Yes, technically, women have the right to vote, own property, and divorce their abusive husbands now– so yes, feminism is no longer pursuing those goals. However, sexism still exists, as does the reality that 1 in 4 little girls will be sexually abused, that 1 in 5 women will be sexually assaulted, that 1 in 7 married women will be raped by their husbands.

Walsh doesn’t even mention this. He accuses feminists of painting some horrible picture of reality that doesn’t exist– that feminists are literally making shit up in order to convince women that they’re oppressed with some horrible, fake, woe-is-me sob story.
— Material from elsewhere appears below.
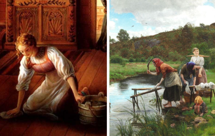 Крестьяне придавали особое значение правильной сортировке вещей перед стиркой. Это было связано с духовными суевериями, согласно которым раздельная стирка помогала избежать негативного влияния на семью.

Except, most women– with the exception of women like Mary Pride, Mary Kassian, Phyllis Schlafly, and Elisabeth Elliot, who somehow ignore this– experience oppression every single damn day of their lives. We are catcalled and harassed virtually everywhere we go. I had a male friend look me in the face and say that it just makes sense for a man to dismiss a woman’s arguments because we’re “too hormonal.” Women, for a variety of factors, earn less than men, with Hispanic and black women being horribly affected by the wage gap.

Feminism is necessary because of these things. Feminism doesn’t just exist to protect reproductive rights. It exists to fight for the marginalized and oppressed, no matter what shape that person might take.

We’re not fighting to be “the same” as men, as Walsh argues when he accuses feminists of being gnostic (which, wow, does that ever expose his complete ignorance on this subject). We’re still fighting because men like Walsh can write an entire post about how “feminism is not your friend,” never even once mention the rampant violence against women, and hardly anyone will even notice.